Я прикусываю нижнюю губу.

— Возможно.

— Я тебя не виню. Вся эта ситуация безумна, — он поднимает руку, чтобы погладить меня по щеке, и мне плевать, что у него несколько личностей, и это только одна из них. Он мне нравится. Он мне очень нравится. — Если я попытаюсь доказать тебе, что я действительно иногда бываю вилкой, ты мне кое-что пообещаешь?

Он смотрит на меня сверху вниз, как будто я единственная женщина, которую он когда-либо хотел или мог хотеть, и у меня нет сил отказать ему.

— Все, что угодно.

— Если тебе придется трахнуть меня снова, чтобы вернуть… сделай это.

— Такое обещание легко дать.

— Неважно, в какой форме я нахожусь.

Боже мой, он действительно думает, что может превратиться в вилку. Что он будет делать, когда поймет, что не может?
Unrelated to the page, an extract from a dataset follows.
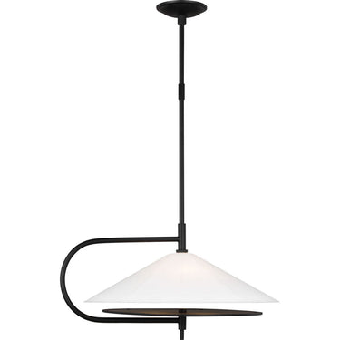 A dramatic and architectural take on Kelly's signature use of mixed metals and geometric forms, Gesture gives the appearance of asymmetrical balance. These refined and bold pendant lights juxtapose organic feminine curves with sleek masculine precision. The "C" arm hook holds an opal glass shade with a perforated metal diffuser at the base of the lamp. The diffuser shines light straight out and down, ensuring gentle, even distribution of the light. Available in three finish options: Aged Iron, Burnished Brass and Polished Nickel.

Это вызовет психотический срыв?

— Ты не должен ничего мне доказывать, Хью.

— Я должен, и это нормально, — он кривится.

Ворчит.

Делает еще одно болезненное выражение лица.

Снова ворчит.

— Тебе нужно в ванную? — спрашиваю я. У него такой вид, будто он пытается что-то выдавить.

Его руки сжимаются в кулаки, и он подносит их к затылку.

— Почему я, черт возьми, не могу этого сделать? Почему у меня никогда ничего не получается правильно?

И затем, прямо на моих глазах, в туманной вспышке света, он исчезает, и вилка, моя любимая вилка, падает на пол.

Боже мой, он действительно вилка.

Моя вилка.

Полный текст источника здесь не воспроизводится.